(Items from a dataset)
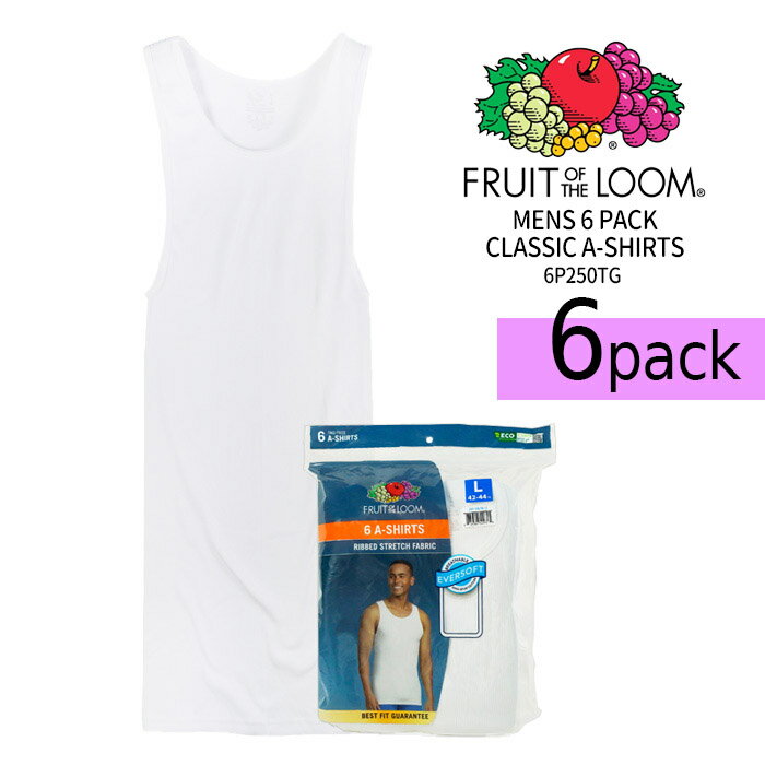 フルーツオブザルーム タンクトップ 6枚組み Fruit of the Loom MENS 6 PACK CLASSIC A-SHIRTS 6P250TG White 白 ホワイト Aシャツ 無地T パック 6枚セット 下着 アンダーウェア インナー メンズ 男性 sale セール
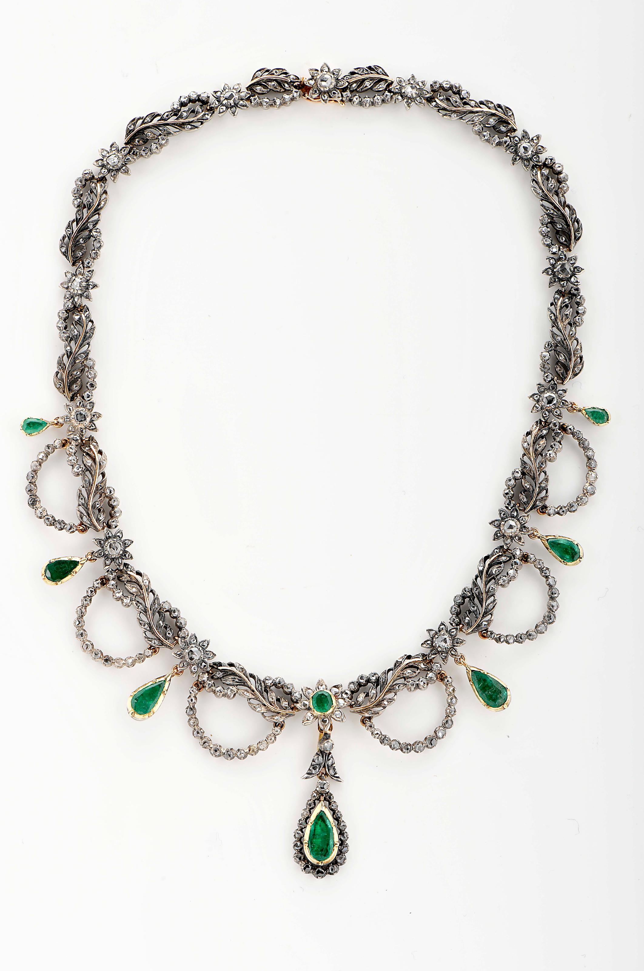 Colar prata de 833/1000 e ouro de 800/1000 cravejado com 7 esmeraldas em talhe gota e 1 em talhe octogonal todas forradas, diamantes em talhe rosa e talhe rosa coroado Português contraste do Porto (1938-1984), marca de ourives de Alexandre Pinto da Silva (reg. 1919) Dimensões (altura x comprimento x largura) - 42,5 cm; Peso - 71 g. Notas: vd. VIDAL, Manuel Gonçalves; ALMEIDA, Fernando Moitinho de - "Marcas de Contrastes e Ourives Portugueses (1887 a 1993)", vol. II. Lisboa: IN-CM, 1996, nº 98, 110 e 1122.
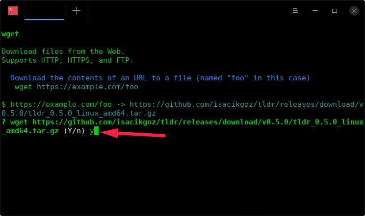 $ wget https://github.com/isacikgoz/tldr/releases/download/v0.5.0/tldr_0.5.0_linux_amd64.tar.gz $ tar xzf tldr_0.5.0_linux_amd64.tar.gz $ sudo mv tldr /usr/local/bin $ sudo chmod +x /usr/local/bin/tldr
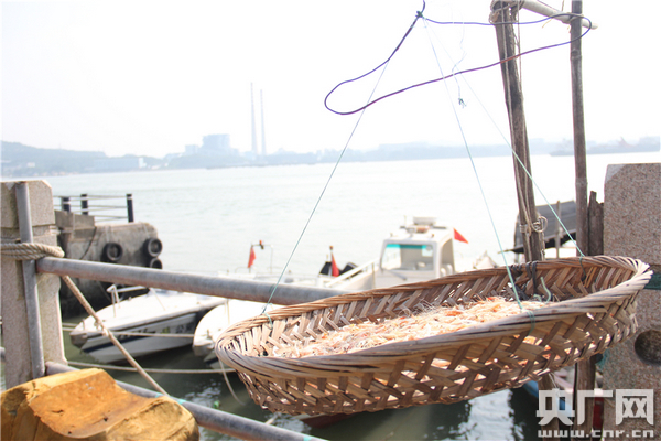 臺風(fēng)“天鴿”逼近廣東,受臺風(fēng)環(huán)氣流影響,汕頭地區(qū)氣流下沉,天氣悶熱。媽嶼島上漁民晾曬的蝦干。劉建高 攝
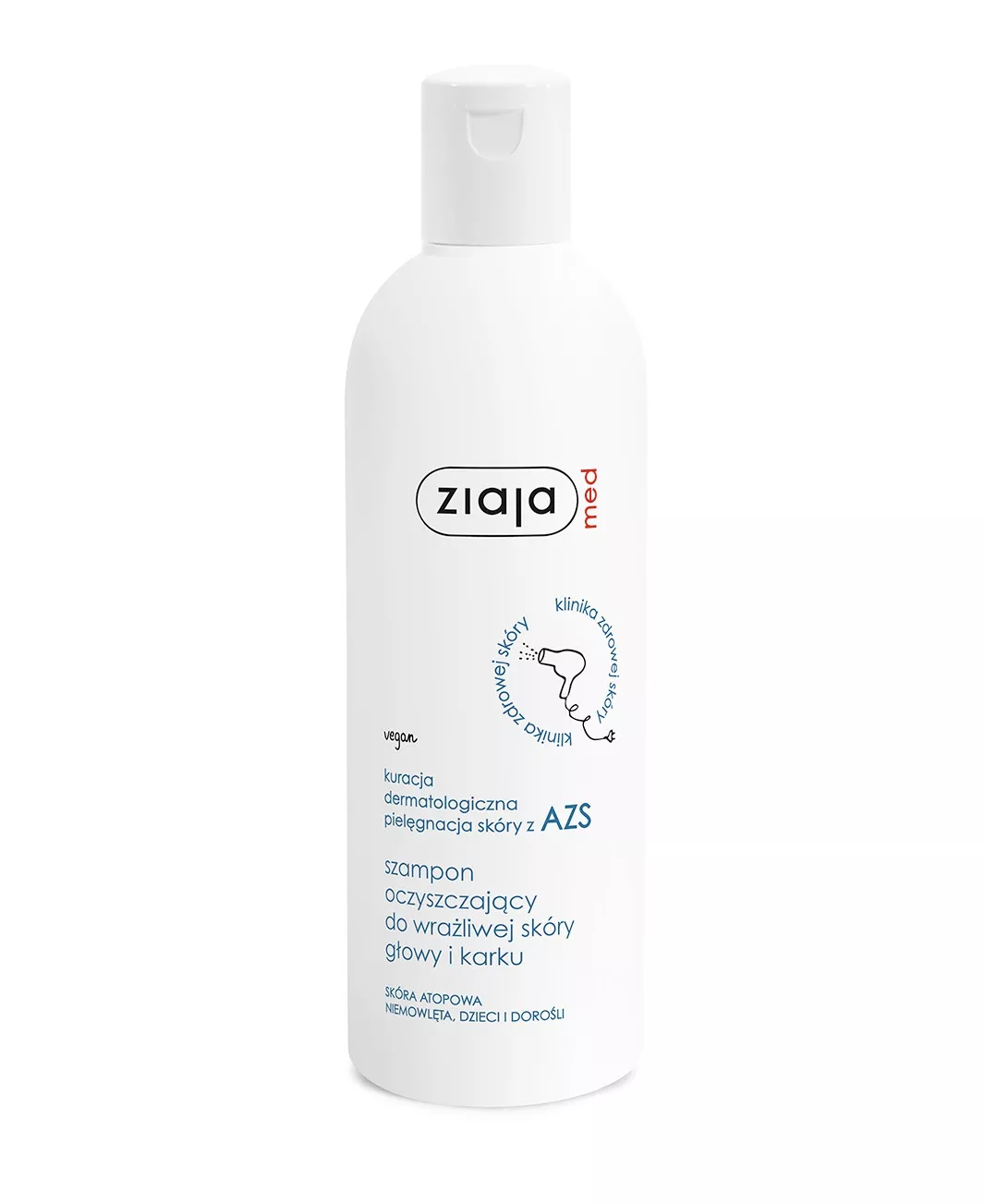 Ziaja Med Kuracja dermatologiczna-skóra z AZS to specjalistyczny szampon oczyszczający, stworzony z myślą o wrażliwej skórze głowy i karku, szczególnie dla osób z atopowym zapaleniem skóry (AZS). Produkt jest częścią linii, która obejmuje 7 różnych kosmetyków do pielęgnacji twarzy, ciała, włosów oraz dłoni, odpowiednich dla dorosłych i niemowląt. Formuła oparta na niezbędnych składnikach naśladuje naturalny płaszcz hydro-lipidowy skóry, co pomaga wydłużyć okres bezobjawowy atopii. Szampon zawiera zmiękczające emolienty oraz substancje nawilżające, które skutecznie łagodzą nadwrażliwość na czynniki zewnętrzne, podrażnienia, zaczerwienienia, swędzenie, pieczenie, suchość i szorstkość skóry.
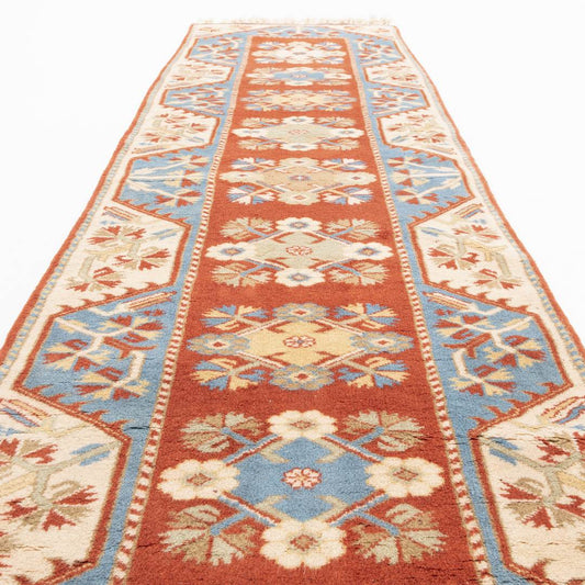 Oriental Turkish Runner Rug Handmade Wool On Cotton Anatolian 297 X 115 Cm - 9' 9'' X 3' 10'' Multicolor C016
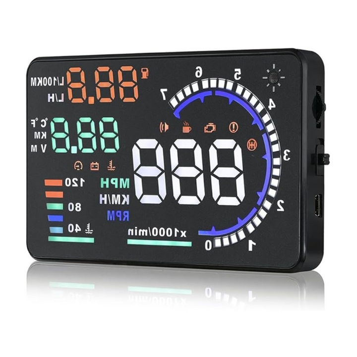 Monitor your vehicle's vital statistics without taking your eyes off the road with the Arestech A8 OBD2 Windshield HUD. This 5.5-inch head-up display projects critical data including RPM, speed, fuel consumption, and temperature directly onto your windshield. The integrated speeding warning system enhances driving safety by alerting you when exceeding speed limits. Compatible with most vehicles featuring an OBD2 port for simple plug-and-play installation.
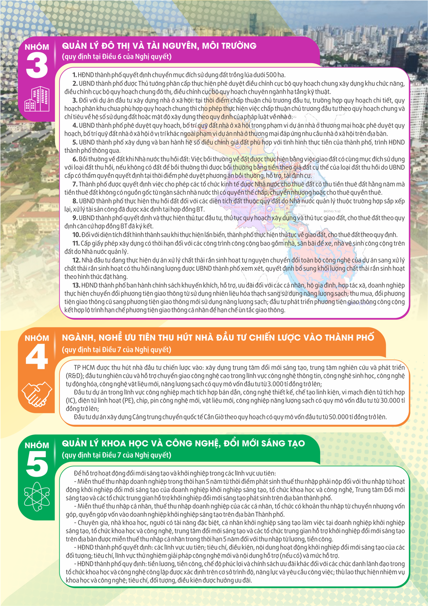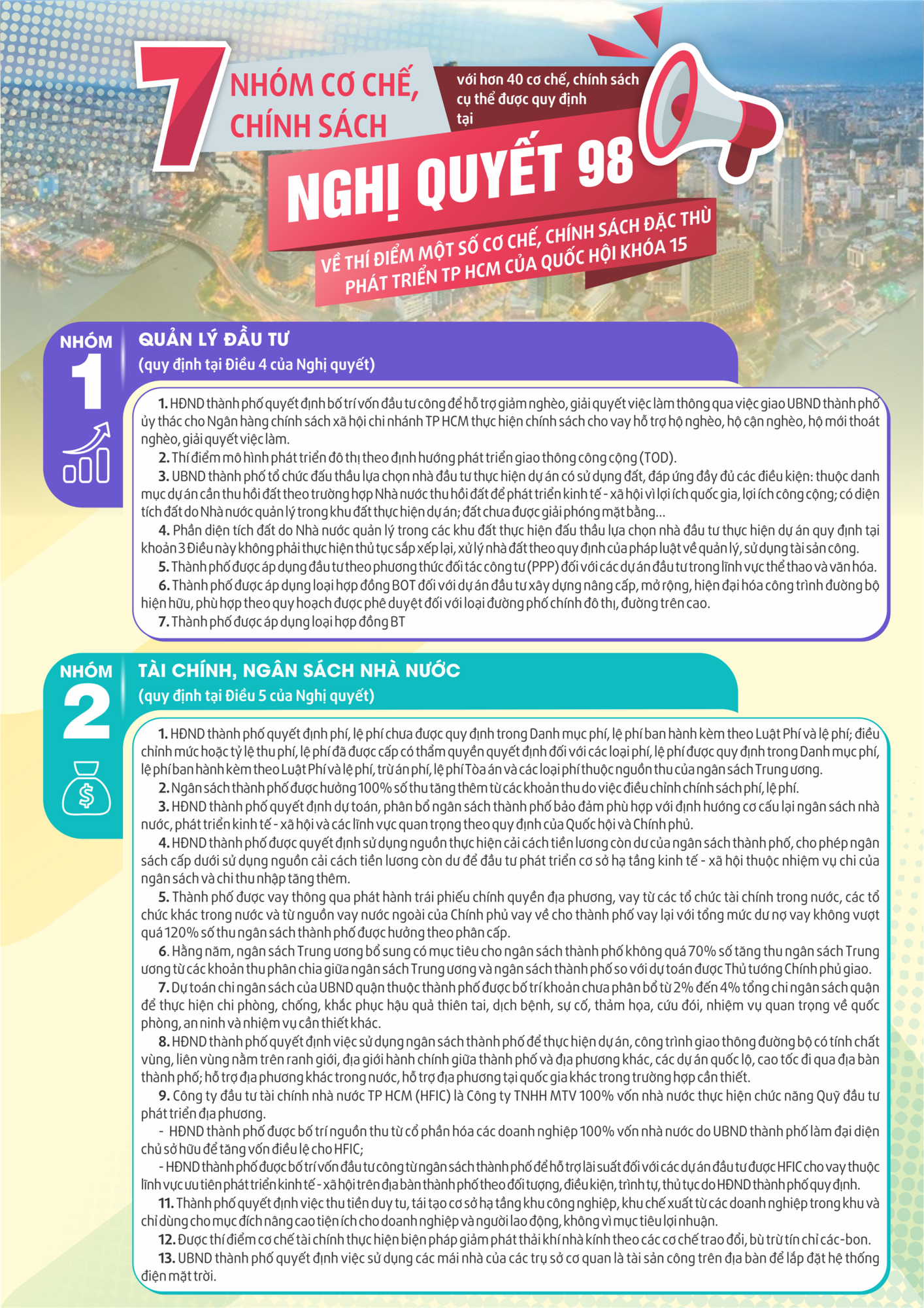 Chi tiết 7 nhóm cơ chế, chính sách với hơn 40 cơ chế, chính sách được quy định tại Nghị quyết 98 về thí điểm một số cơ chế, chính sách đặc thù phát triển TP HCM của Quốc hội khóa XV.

What is needed
Could you set down, exactly as written, every line from the start of the records above through the line containing "Oriental Turkish Runner", leaving the pictures out?

Exercise response
 フルーツオブザルーム タンクトップ 6枚組み Fruit of the Loom MENS 6 PACK CLASSIC A-SHIRTS 6P250TG White 白 ホワイト Aシャツ 無地T パック 6枚セット 下着 アンダーウェア インナー メンズ 男性 sale セール
 Colar prata de 833/1000 e ouro de 800/1000 cravejado com 7 esmeraldas em talhe gota e 1 em talhe octogonal todas forradas, diamantes em talhe rosa e talhe rosa coroado Português contraste do Porto (1938-1984), marca de ourives de Alexandre Pinto da Silva (reg. 1919) Dimensões (altura x comprimento x largura) - 42,5 cm; Peso - 71 g. Notas: vd. VIDAL, Manuel Gonçalves; ALMEIDA, Fernando Moitinho de - "Marcas de Contrastes e Ourives Portugueses (1887 a 1993)", vol. II. Lisboa: IN-CM, 1996, nº 98, 110 e 1122.
 $ wget https://github.com/isacikgoz/tldr/releases/download/v0.5.0/tldr_0.5.0_linux_amd64.tar.gz $ tar xzf tldr_0.5.0_linux_amd64.tar.gz $ sudo mv tldr /usr/local/bin $ sudo chmod +x /usr/local/bin/tldr
 臺風(fēng)“天鴿”逼近廣東,受臺風(fēng)環(huán)氣流影響,汕頭地區(qū)氣流下沉,天氣悶熱。媽嶼島上漁民晾曬的蝦干。劉建高 攝
 Ziaja Med Kuracja dermatologiczna-skóra z AZS to specjalistyczny szampon oczyszczający, stworzony z myślą o wrażliwej skórze głowy i karku, szczególnie dla osób z atopowym zapaleniem skóry (AZS). Produkt jest częścią linii, która obejmuje 7 różnych kosmetyków do pielęgnacji twarzy, ciała, włosów oraz dłoni, odpowiednich dla dorosłych i niemowląt. Formuła oparta na niezbędnych składnikach naśladuje naturalny płaszcz hydro-lipidowy skóry, co pomaga wydłużyć okres bezobjawowy atopii. Szampon zawiera zmiękczające emolienty oraz substancje nawilżające, które skutecznie łagodzą nadwrażliwość na czynniki zewnętrzne, podrażnienia, zaczerwienienia, swędzenie, pieczenie, suchość i szorstkość skóry.
 Oriental Turkish Runner Rug Handmade Wool On Cotton Anatolian 297 X 115 Cm - 9' 9'' X 3' 10'' Multicolor C016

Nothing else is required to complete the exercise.